The CA1 region is considered high in the hierarchy of the entorhinal-hippocampal system. Traditionally viewed as a single layered structure, recent evidence has disclosed an exquisite laminar organization across deep and superficial pyramidal sublayers at the transcriptional, morphological and functional levels (1,4,5). Such a low-dimensional segregation may be driven by a combination of intrinsic, biophysical and microcircuit factors but mechanisms are unknown.

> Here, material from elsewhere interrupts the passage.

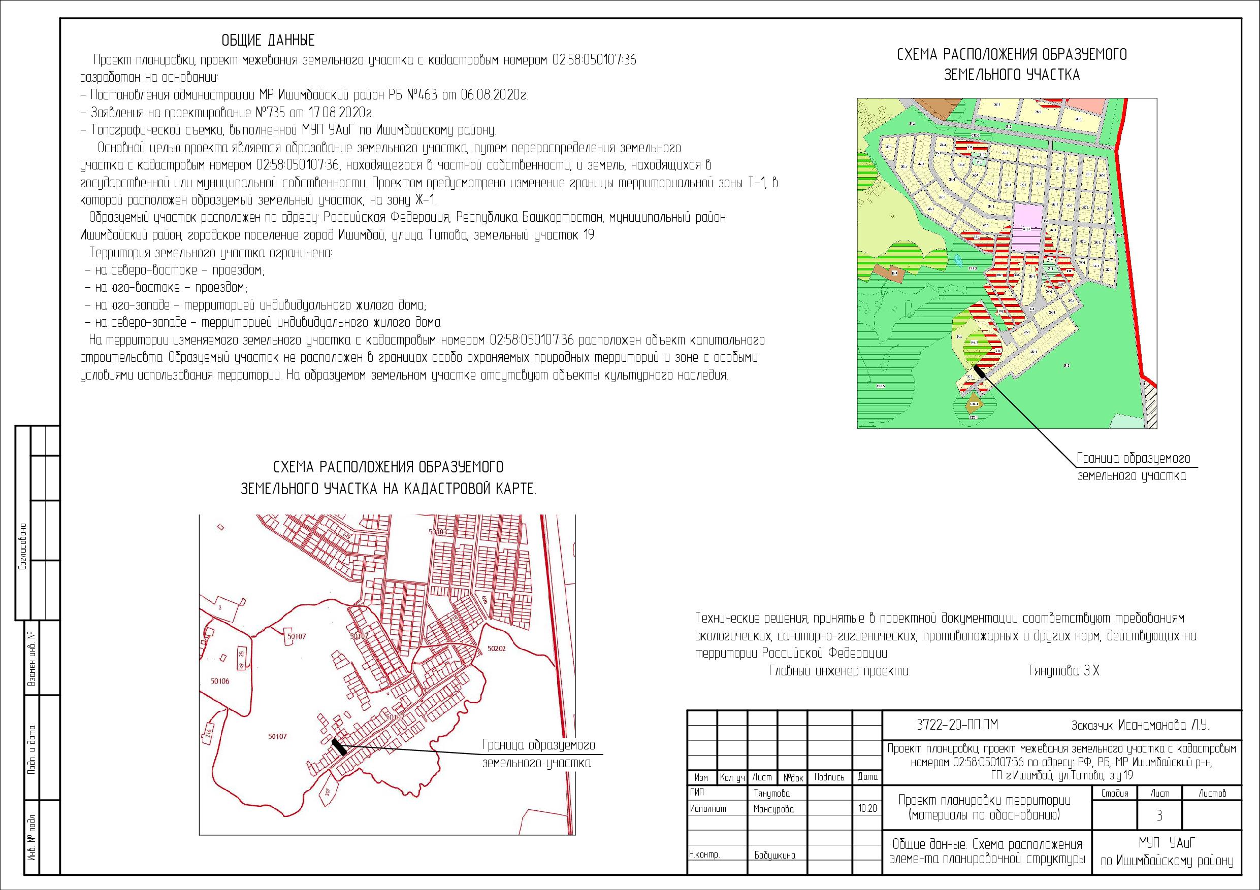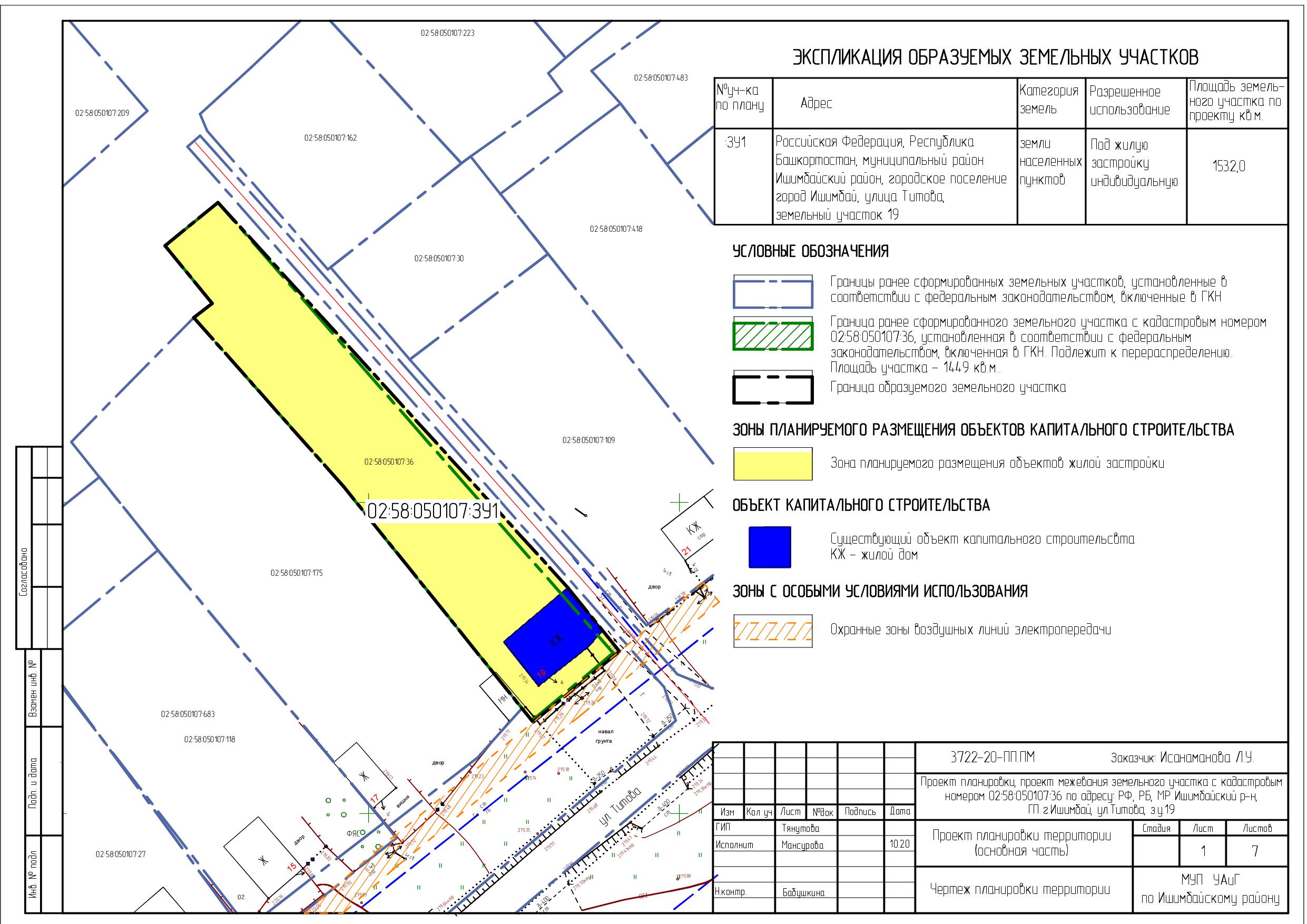 - «Проект планировки, проект межевания земельного участка с кадастровым номером 02:58:050107:36 по адресу: Российская Федерация, Республика Башкортостан, муниципальный район Ишимбайский район, городское поселение город Ишимбай, улица Титова, земельный участок 19» (проектом предусмотрено перераспределение земельного участка с целью увлечения территории для обслуживания индивидуального жилого дома).

Here, we exploit evolutionary algorithms to address the effect of single-cell heterogeneity on CA1 pyramidal cell activity (6). First, we developed a biophysically realistic model of CA1 pyramidal cells using the Hodgkin-Huxley multi-compartment formalism in the Neuron+Python platform and the morphological database Neuromorpho.org. We adopted genetic algorithms (GA) to identify passive, active and synaptic conductances resulting in realistic electrophysiological behavior. We then used the generated models to explore the functional effect of intrinsic, synaptic and morphological heterogeneity during oscillatory activities. By combining results from all simulations in a logistic regression model we evaluated the effect of up/down-regulation of different factors. We found that muyltidimensional excitatory and inhibitory inputs interact with morphological and intrinsic factors to determine a low dimensional subset of output features (e.g. phase-locking preference) that matches non-fitted experimental data.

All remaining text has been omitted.